A Poisson Random Field Framework Bridges Micro- To Macroscopic Scales In Microbial Transport

Abstract:

Understanding microbial fate and transport in surface water and making accurate predictions is a formidable task. Evidence from experimental and observational studies unequivocally points to temporal and spatial variability in microbial distributions with significant correlation structure; and to the critical role of processes at the microscopic level.

The temporal and spatial variability in microbial distributions arises from inherently random environmental factors and processes. Many cannot be described accurately using deterministic methods, necessitating a stochastic approach to microbial modeling. At the same time, microbial tracking studies identified significant spatial and temporal correlations in microbial distributions in streams, and highlighted the necessity of including microbial interactions with sediments, settling and re-suspension in models of microbial transport. Such understanding must be gained from microscopic, particle-scale research, because microdynamic interactions ultimately give rise to phenomena on higher scales. The challenge then is to be able to describe microbial behavior in probabilistic terms to take care of random drivers, while incorporating processes on microscopic scale and bridging the gap to macroscopic entities like concentrations that are used in watershed management.

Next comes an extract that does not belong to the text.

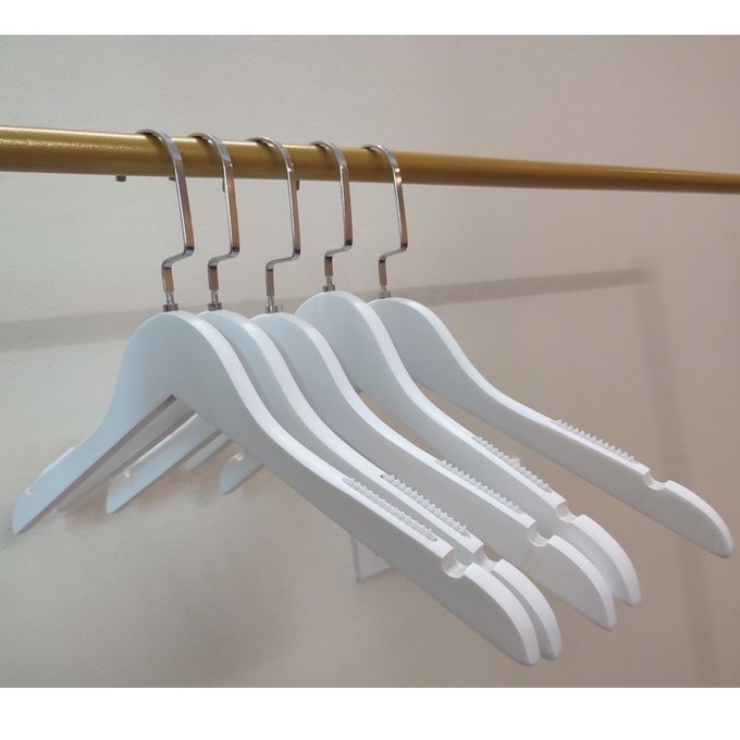 Giới thiệu móc gỗ treo quần áo-móc gỗ màu trắng-móc gỗ cổ tròn-móc có thiết kế rãnh chống trượt ở vai-móc dùng để treo quần-áo-váy,

We have derived a stochastic modeling paradigm that bridges microscopic processes to macroscopic manifestation of microbial behavior in time and space, where the Markov behavior of individual microbes collectively translates into a non-homogeneous Poisson random field that describes microbial population dynamics. The Poisson framework is applied to a mixed-use watershed and implemented within ArcGIS, which makes a wealth of geographic, topologic, soil and other information, as well as data from national and regional datasets, instantly available. Probabilities of exceeding microbial safety thresholds are then obtained at any point in time and space in the watershed.